In Anwesenheit der norwegischen Kronprinzessin wird auf der Frankfurter Buchmesse die Revolution gefeiert und Heiko Maas spricht von der Janusköpfigkeit des Internets.

Frankfurt/Main - Würde man die Grußformeln, die den vielen Reden während der Messe vorangehen, einfach weglassen, das ganze könnte wohl um einen Tag kürzer werden. Allerdings hat man auch nicht immer Königliche Hoheiten wie die norwegische Kronprinzessin Mette Marit und ihren Gemahl um sich. In einem wunderschönen blauen Kleid wird sie im Laufe der Eröffnungsfeier vor einem ebenso blauen Hintergrund ein Gedicht des Dichters Olav H. Hauge rezitieren, auf dem das Motto des norwegischen Gastauftritts basiert: „Der Traum in uns“. Und wie sie das tut, verrät eine Vertrautheit im Umgang mit dem dichterischen Wort. Angesichts des tadellos sitzenden Kleides könnte man in politischer Hinsicht auf dumme Gedanken kommen, in Erinnerung an die Kanzlerinnenhose, die bei der letzten Eröffnung vor zwei Jahren an gleicher Stelle zu besichtigen war. Da könnte man die Losung, unter der die Buchmesse in diesem Jahr nordwärts in See sticht geradezu wenig feinfühlig empfinden: „Create your Revolution“. Aber natürlich ist das nicht böse gemeint.

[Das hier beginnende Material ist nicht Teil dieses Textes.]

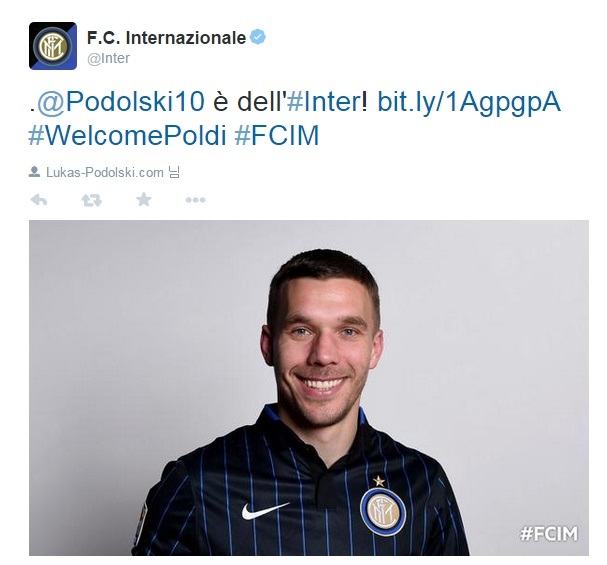 한편 인터 밀란 역시 공식 트위터를 통해 포돌스키의 입단을 알렸다. 인터밀란은 포돌스키에게 등번호 11번을 부여했다.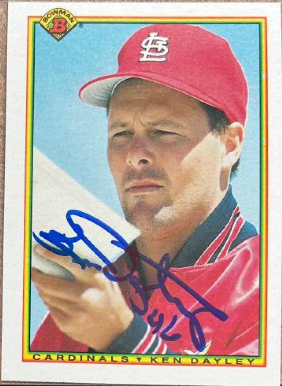 Carte de baseball Bowman signée par Ken Dayley (1990) - Cardinals de Saint-Louis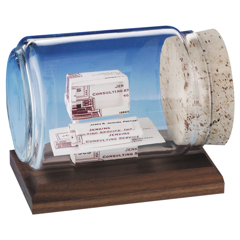 A hand crafted business card sculpture will be made from your business cards and then placed into a bottle on a beautiful Walnut or Black base. Each award is individually packed for shipment.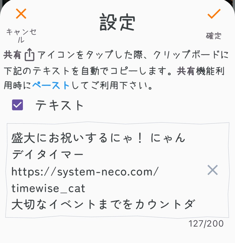 テキストの左側にあるチェックボックスにチェックを入れるとテキスト入力出来る様になります。定型文としてテキストを入力しておけば、メッセージカードを共有機能でSNSにアップロードする際に、ペースト出来る様になります。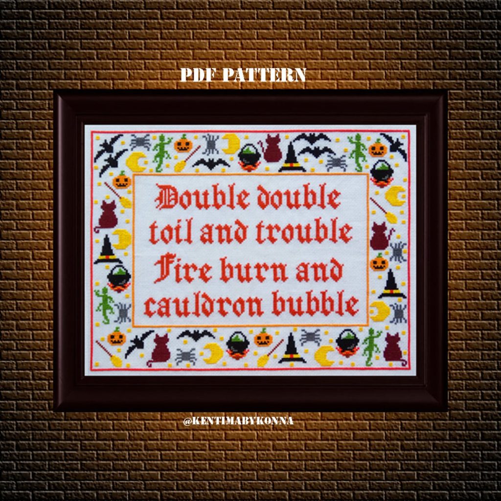 This is perhaps my favourite of the bunch. Superbly witchy, spooky, Halloween vibes for this Macbeth witches cross sew. $6.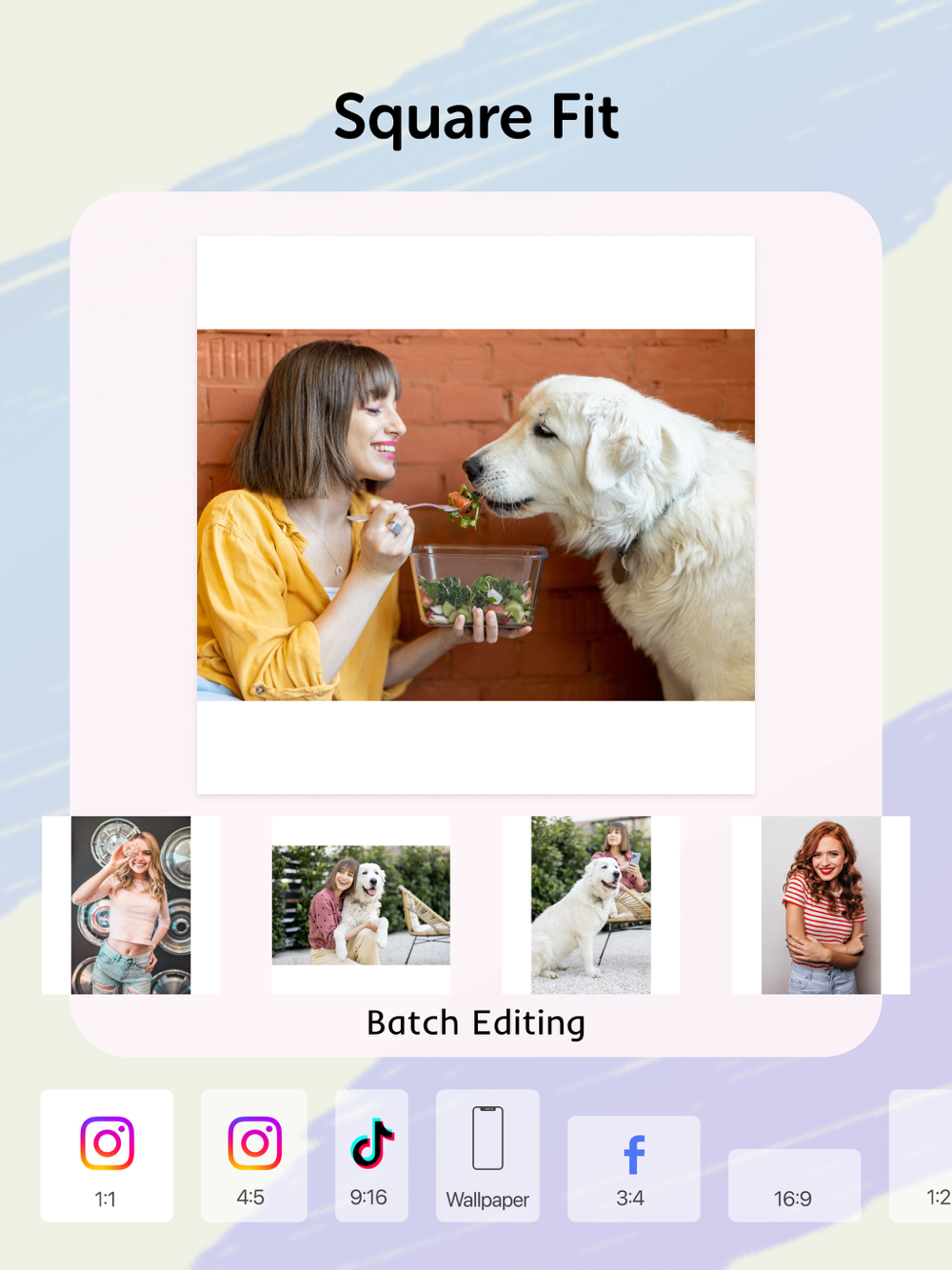 Add a stylish background to the photo, choose a right ratio fiting for social media, then post no crop photo on Instagram or other social platforms. Batch processing supported.

Maas spricht von Janusköpfigkeit des Internets

Was darunter zu verstehen ist, führen die fünf Vorredner, die Mette Marits Auftritt vorausgehen, auf jeweils unterschiedliche Weise aus. Denn das gehört auch zu diesem Ritual, ein kolossaler Redewettstreit: insgesamt acht aufeinanderfolgende Beiträge von Exzellenzen, Bürgermeistern, Ministerpräsidenten, Würden- und Funktionsträgern. Der Hintergrund ist ernst. Klinken wir uns beim Bundesaußenminister Heiko Maas ein, der auf die Janusköpfigkeit der digitalisierten Welt hinweist. Ohne soziale Medien hätte ein revolutionärer Wandel im Sudan nicht stattgefunden. Anderseits haben sich die Attentäter von Utoya, Christchurch und Halle im Netz radikalisiert. Die Digitalisierung habe einem Leben in Blasen Vorschub geleistet. Lesen aber zwinge zur Anteilnahme und bringe die Blase zum Platzen – ein revolutionärer Akt.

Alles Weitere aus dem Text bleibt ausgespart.